Saturday, September 25, 2010

good-bye

I don't think I've realized yet that I'm leaving, or maybe I'm still half-asleep.

Here's one of the things I wrote for the program, for a while I thought it was one of the best things I had ever written, now I just don't know anymore:

EDIT because I posted the wrong draft.



Why I want to be a Foreign Language Assistant
By Paola Malagon


I was never the most popular girl, I always had a small group of friends, I’ve never been good at sports, but God, I loved school. I loved the experience, and the safe feeling I got whenever I walked through the gates, ran to my classroom and hid comfortably behind my desk. Naturally, I was very shy. Speaking in front of a whole class terrified me and I avoided those experiences whenever I had the chance. This is why it’s so strange that I ended up as a teacher. I want to be a Foreign Language Assistant for many reasons, but the three most important ones are my students, my firm belief that it would help me promote the Spanish language and culture, and I because I go to seek a Great Perhaps.

To be completely honest, I first took this job because I needed the money and because it was a perfect way to practice English every day. But, I fell in love with it. I fell for the little kids who come up to you and hug you in the middle of the hallway. I fell for the class clown who just wants a little bit of your attention. I fell for the student who despite all the work and family issues still makes it on time for class. I fell for the student who stays after class to help you carry the material back to the teacher's room, and I fell for the look on their faces when they learn something new and their whole face just lights up. I want to be a FLA because I know that after this I could be a better teacher for each and every one of them.

Until a point in my life, I was a bit of a Benedict Arnold. I loved the English language and I was very interested in the American and British culture. It was one of the reasons why I did a major in translation. But, while I was in the University I took comparative grammar and I discovered how wonderful my first language is.

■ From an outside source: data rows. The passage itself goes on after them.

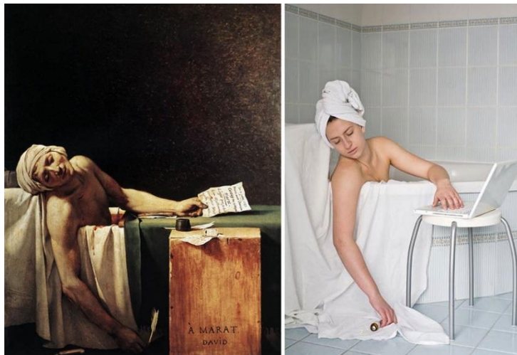
La muerte de Marat, de Jacques Louis David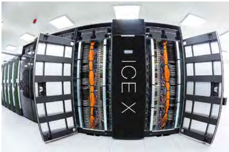
Sálový počítač Salomon v ostravském výpočetním centru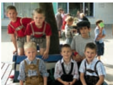
Kinder der Volksschule Agasella anlässlich des Schulprojektes in Schulkleidung wie vor 50 Jahren.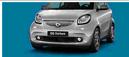
smart EQ fortwo con un'offerta elettrizzante. Scopri di più.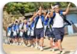
実行委員会主催の運動会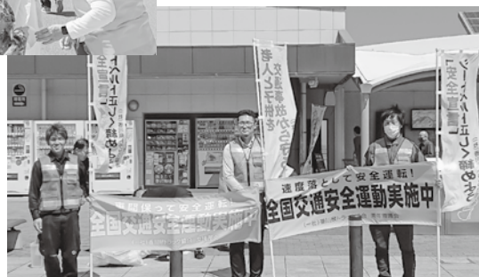
4/11 津田の松原SA(香ト協青年協議会・女性部会)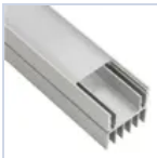
56628 KIT PROFILO 2MT STRIP DISSIPAT

The sounds, the rolling of the r’s, the conjugation of the verbs, whether to use a masculine or feminine article and all of the different characteristics that make it rich, diverse and fascinating. If I could show at least one student whose first language isn’t Spanish what I can see in my own language I’d be a very happy teacher. As a translator I can be the bridge that connects two different cultures; but as I teacher I’m actually helping students to cross it.

Speaking a second language can open all types of opportunities and with Spanish being spoken as an official language in four continents, the ability to speak it would give the students an advantage in the international job market. Not to mention that tasting, hearing and learning about different cultures gives students an idea of a world possibly beyond what they already know.
Going to live in a different country alone, losing yourself in its language and culture, accepting different opinions and values along with being away from your family and friends -- personally, I think it’d be scary. But at the same time, I think it would be an amazing character-building experience. I suppose it would be an adventure, a challenge. And I’m up for it.

John Green once wrote, “I go to seek a Great Perhaps.” Apparently, they were François Rabelais’ last words. This is why I’m going, so I don’t have to wait until I’m about to die to start seeking a Great Perhaps, I'm ready for that adventure to start now.